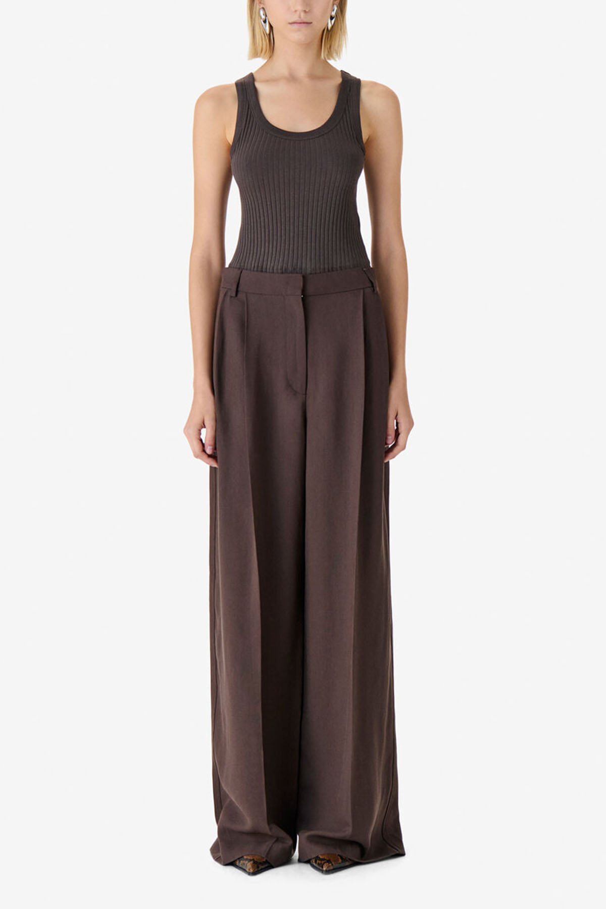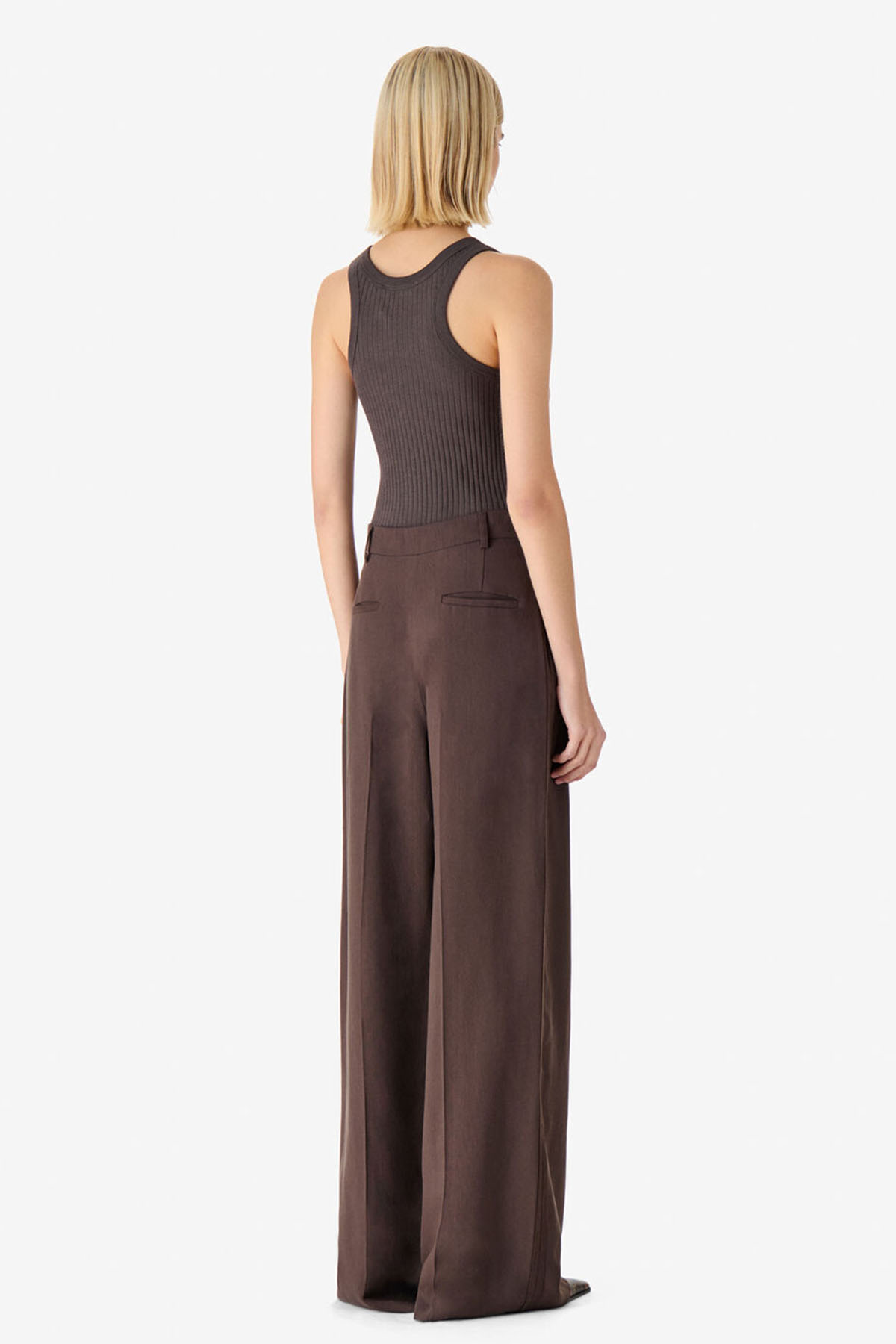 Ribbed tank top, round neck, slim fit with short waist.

********

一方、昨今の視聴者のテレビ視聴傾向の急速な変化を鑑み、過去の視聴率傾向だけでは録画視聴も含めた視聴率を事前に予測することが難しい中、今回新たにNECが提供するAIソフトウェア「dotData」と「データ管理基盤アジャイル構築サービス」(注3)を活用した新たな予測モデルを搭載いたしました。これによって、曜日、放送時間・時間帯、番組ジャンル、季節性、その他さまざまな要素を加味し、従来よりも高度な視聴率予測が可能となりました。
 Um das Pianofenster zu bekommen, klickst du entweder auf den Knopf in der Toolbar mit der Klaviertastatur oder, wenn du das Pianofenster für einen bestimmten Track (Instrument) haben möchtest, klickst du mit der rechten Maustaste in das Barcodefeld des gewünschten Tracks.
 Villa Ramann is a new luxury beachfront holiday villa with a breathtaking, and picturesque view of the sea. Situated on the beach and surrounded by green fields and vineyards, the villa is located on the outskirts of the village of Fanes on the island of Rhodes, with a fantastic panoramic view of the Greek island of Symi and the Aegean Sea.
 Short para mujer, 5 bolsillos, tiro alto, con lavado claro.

********

## Assigned task
Taking the entries above, print exactly the lines starting at the line with "Um das Pianofenster" and ending at the line with "Short para mujer, 5", both included.

## Exercise answer
 Um das Pianofenster zu bekommen, klickst du entweder auf den Knopf in der Toolbar mit der Klaviertastatur oder, wenn du das Pianofenster für einen bestimmten Track (Instrument) haben möchtest, klickst du mit der rechten Maustaste in das Barcodefeld des gewünschten Tracks.
 Villa Ramann is a new luxury beachfront holiday villa with a breathtaking, and picturesque view of the sea. Situated on the beach and surrounded by green fields and vineyards, the villa is located on the outskirts of the village of Fanes on the island of Rhodes, with a fantastic panoramic view of the Greek island of Symi and the Aegean Sea.
 Short para mujer, 5 bolsillos, tiro alto, con lavado claro.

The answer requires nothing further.